Working a four-day week, rather than, say, taking more holidays or working fewer hours each day, was a great way of reducing your environmental impact. The exact magnitude of that reduction is unclear, but the research seems to point in the same direction: lowering the number of hours we work would help to reduce our impact on the environment.
Actual studies exist now to provide a research basis for what we could call Green Escapology.
Then again, when you remember that “work expends energy” is pretty much the basis of Physics, one wonders how much more science is needed for the message to be taken seriously.
Subscriber Offer
To kick things off in terms of special deals for readers of this newsletter, I'm extending an offer I made on Escape Everything! back in April. I still have some copies left (though not many).
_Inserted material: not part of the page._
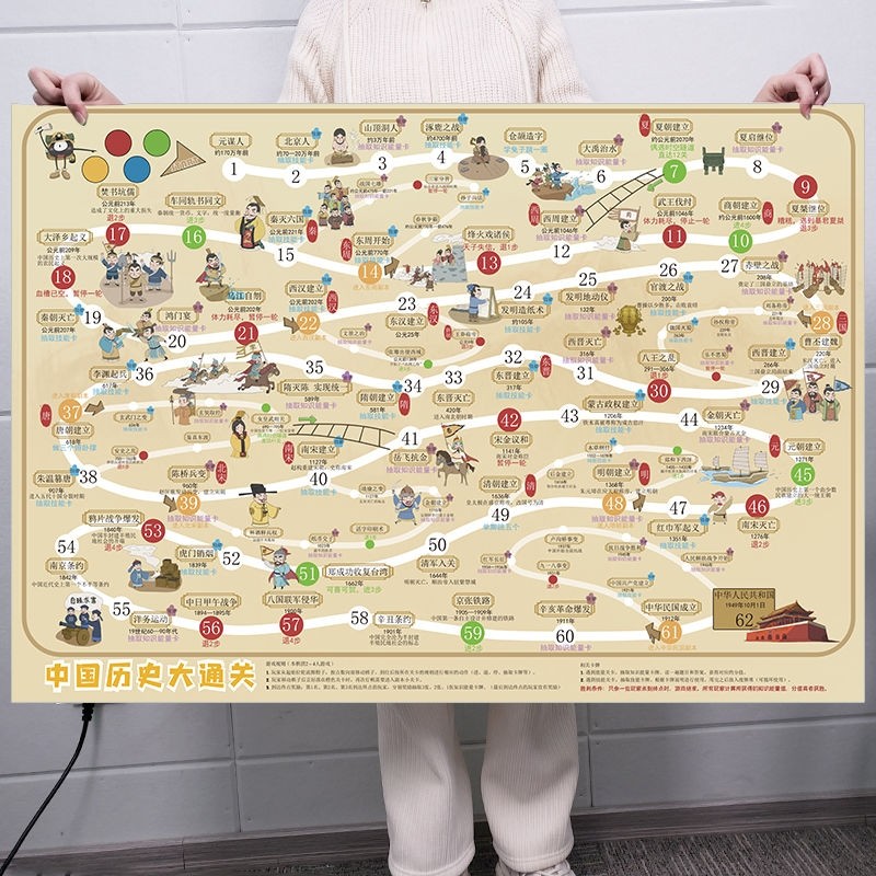3-12岁中国历史大通关游中国地理游戏棋飞行棋儿童亲子桌游记忆力专注力逻辑思维训练地图互动计算

Get the book for just £8.50 with free shipping. Phew! Just click the PayPal button at this handy webpage and the book will be yours in a matter of days.
I realise many of you probably have the book already, so I'll offer something more original in the next newsletter. But it's a good deal, is it not? (It is).
PS: While we're shopping, please remember the Patreon. You can access a nice cache of essays straight away, as well as getting new ones beamed to you every month or so.
That's all for now. I'll be back with another New Escapologist newsletter at the end of August (and, actually, there will be a general Robert Wringham one about books, diary-keeping, squirrels, and the literary life, on or around the 15th if you fancy it).
Now get back to work. (Joke! Joke!)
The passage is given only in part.